No obstante el nombre de los pescados, crustáceos, aves, hortalizas, etc. suele variar entre regiones, incluso en una comarca son llamados de una manera y en otra tener otro nombre distinto.
Por ejemplo en el Mediterráneo llamamos "sepia" a lo que en el Cantábrico llaman "jíbia", en portugués "_siba_". Otro ejemplo, en la zona de Cataluña y Valencia llaman "robellón" a lo que en Castilla conocen como "níscalo", en portugués tipo de "_cogumelo_". Y así sucesivamente.
Cumprimentos!


----------



## azul84

Tombatossals, muito obrigado!
Minha dúvida é porque no Brasil temos o camarão de água doce, conhecido como "pitu". Pensei que pudesse haver alguma semelhança.


----------



## Tomby

Obrigado eu porque ignorava a existência de esse tipo de camarões de rio.
Cumprimentos!


----------



## azul84

De nada, é excelente esta troca de culturas.
Saludos.


----------



## Mangato

Son terminos que definen, según las zonas, diferentes especies de crustáceos de formas parecidas pero de tamaños muy diferentes.
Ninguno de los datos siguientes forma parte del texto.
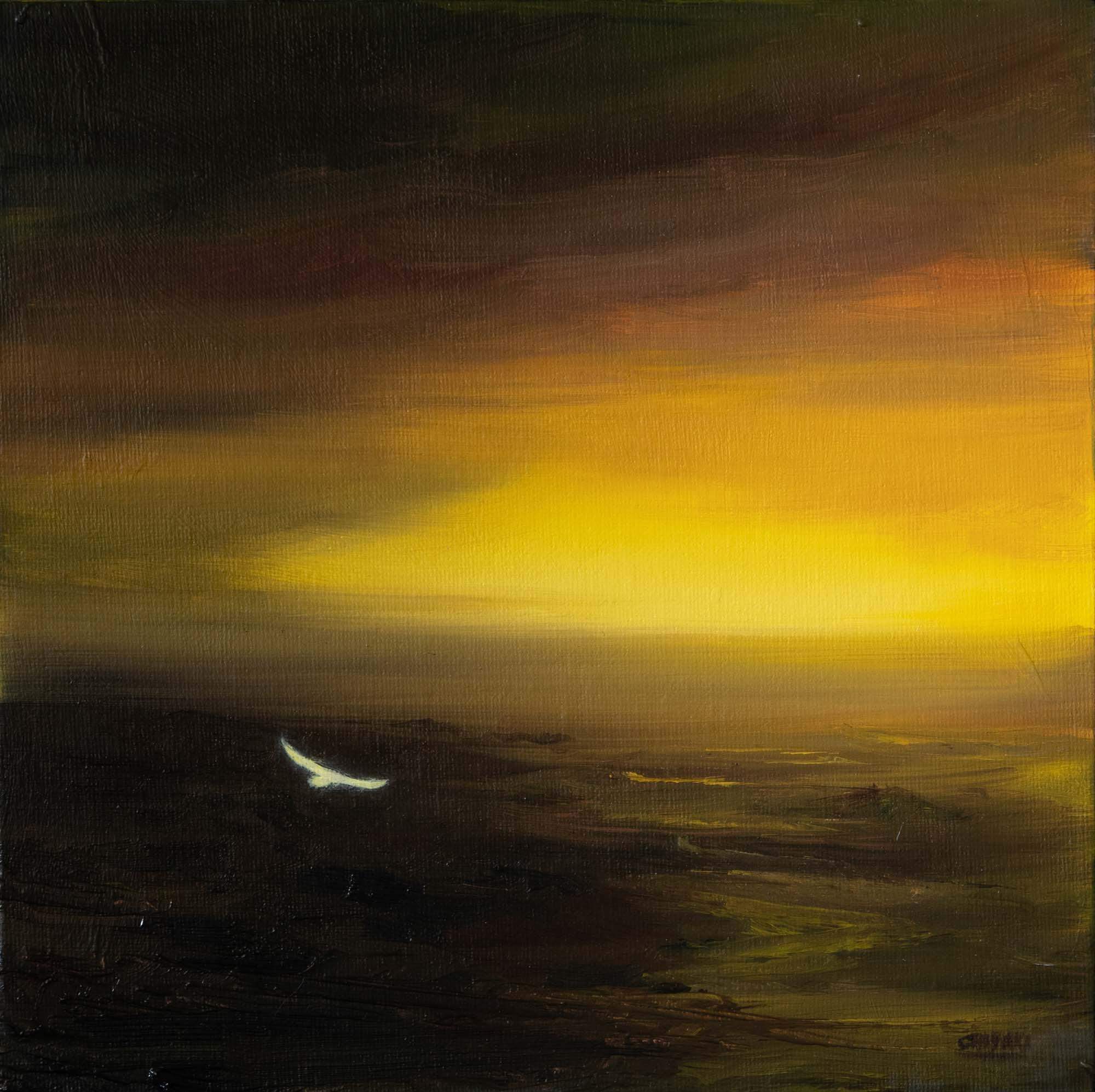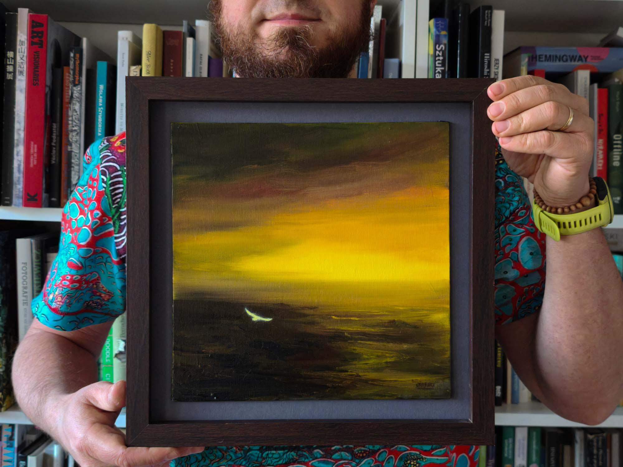 Świetlisty ptak - olej na płótnie - 25x25cm - oprawiony - Bądź dla siebie światłem Obraz wykonany został farbami olejnymi na płótnie.

El camarón es un crustáceo de menor tamaño que la gamba, y en el Norte de España se denomina tambíen quisquilla. Se suele pescar en las charcas que quedan entre las rocas al bajar la marea, su tamaño no suele pasar de 4 cm.

La gamba suele pescarse en zonas arenosas. Excelentes las gambas de Huelva, pescadas en la desembocadura del Rio Tinto. Su tamaño es alrededor de 12 cm.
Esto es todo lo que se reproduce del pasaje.